It may be the confidence interval:

https://machinelearningmastery.com/time-series-forecast-uncertainty-using-confidence-intervals-python/

Great blogpost Jason!

Had a follow up question on the same topic.

Is it possible to do the forecast with the ARIMA model at a higher frequency than the training dataset?

For instance, let’s say the training dataset is sampled at 15min interval and after building the model, can I forecast at 1second level intervals?

If not directly as is, any ideas on what approaches can be taken? One approach I am entertaining is creating a Kernel Density Estimator and sampling it to create higher frequency samples on top of the forecasts.
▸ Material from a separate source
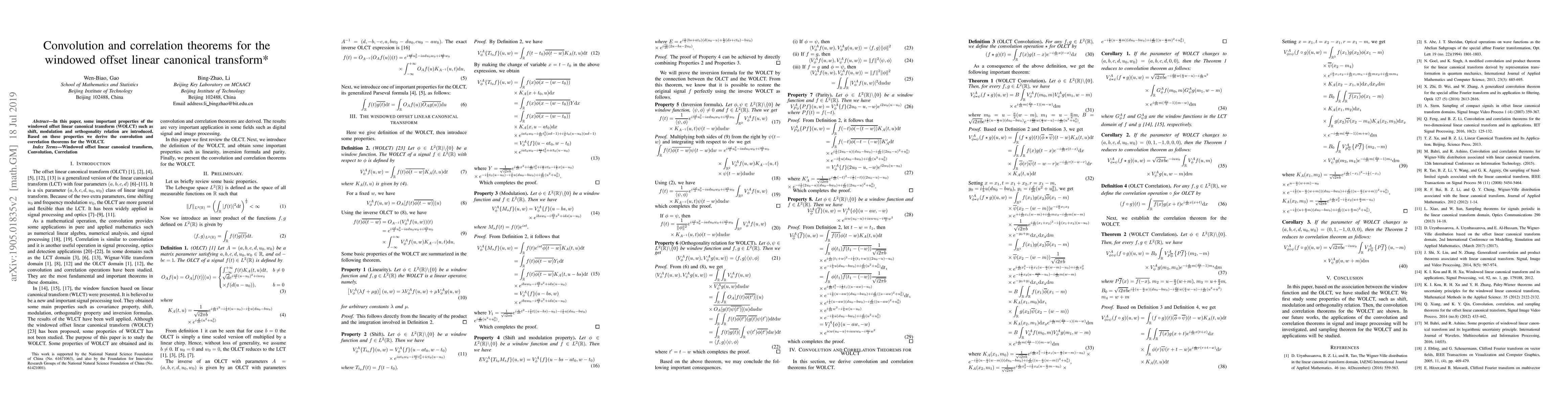 This paper introduces key properties of the windowed offset linear canonical transform (WOLCT), including shift, modulation, and orthogonality. It then derives the convolution and correlation theorems based on these properties.

Thanks, much appreciate your help!

Hmm, it might not be the best tool. You might need something like a neural net so that you can design a one-to-many mapping function for data points over time.

Hi Jason,

Your tutorial was really helpful to understand the concept of solving time series forecasting problem. But I have small doubt regarding the steps you followed at the very end. I’m pasting your code down below-

X = series.values

size = int(len(X) * 0.66)

train, test = X[0:size], X[size:len(X)]

history = [x for x in train]

predictions = list()

for t in range(len(test)):

model = ARIMA(history, order=(5,1,0))

model_fit = model.fit(disp=0)

output = model_fit.forecast()

yhat = output[0]

predictions.append(yhat)

obs = test[t]

history.append(obs)

print(‘predicted=%f, expected=%f’ % (yhat, obs))

error = mean_squared_error(test, predictions)

Note:1) here in the above for each iteration you’re adding the elements from the “test” and the forecasted value because in real forecasting we don’t have future data to include in test, isn’t it? Or is it that your’re trying to explain something and I’m not getting it.

2) Second doubt, aren’t you suppose to perform “reverse difference” for that you have used first order differencing in the model?

Kindly, please clear my doubt

Note: I have also went through one of your other tutorial where you have forecasted the average daily temperature in Australia.

https://machinelearningmastery.com/make-sample-forecasts-arima-python/

here the steps you followed were convincing, also you have performed “inverse difference” step to scale the prediction to original scale.

I have followed the steps from the one above but I m unable to forecast correctly.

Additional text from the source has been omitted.